20070812-02-01There is one sport I suck at in a particularly awesome way though:

Dodgeball…

Yet another silly game with balls, which I find ironic; but this one involves the biggest, strongest kids throwing stinging hard rubber projectiles at each other, but especially the easily-bruised geeky ones—like me. Someone was feeling particularly sadistic when they came up with this game.

I’m usually the last one picked for any team; but in this game, once I’m out on the polished gym floor, they get a surprise: If there’s one thing about me and pain, I’m good at getting out of its way. I can move! With a dozen of these hard rubber horrors whipping around at once, I can duck, jump, run or simply turn sideways and disappear.

Yes, sometimes that joke is true—at least back in my pre-college days.

Unfortunately, that’s where my talents end. If my team was winning, it was not due to any help from me. My throwing ability then was despicable, and catching a ball to get someone out was not an option.

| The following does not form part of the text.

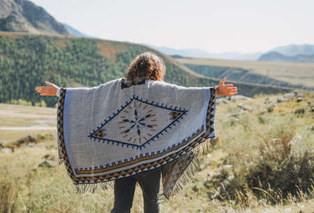 Brunette young woman traveler in poncho from back on road, trip to mountains, Altai

If my team was losing, my evasive talents simply drew out their imminent death. At this point, the teacher would become impatient, watching my macabre survival dance, and dissolve the “do-not-cross” line between the teams. My assailants would then amass and move in for the kill. All my hard work would lead to circular bruises all over my body, rather than the expected one. You would think I’d figure this out and sacrifice myself early on … but apparently, I don’t have a mind for sports either; and survival is a hard habit to break.

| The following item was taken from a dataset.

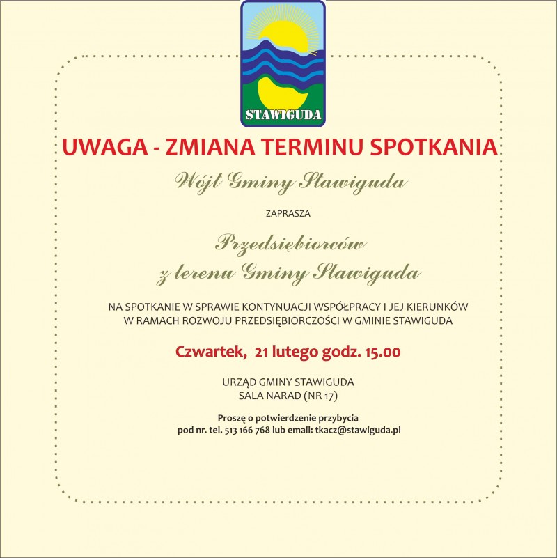 Wójt Gminy Stawiguda, zaprasza Przedsiębiorców z terenu Gminy Stawiguda

In the end, with all such sports, my performance would amount to a spastic effort to avail, but end in a letdown to beat the lowest of expectations. Looking back now, it seems to make more sense to me, that if the team captains don’t really want to pick the geeky kid—the one trying to make herself invisible behind the climbing rope—and the invisible one doesn’t want to be picked—why not just let them sit out all the silliness and read a book, or play with their new calculator.

If exercise truly is mandatory, then they could be made to run laps around the field. This would’ve worked for me. I could say I ran circles around them all.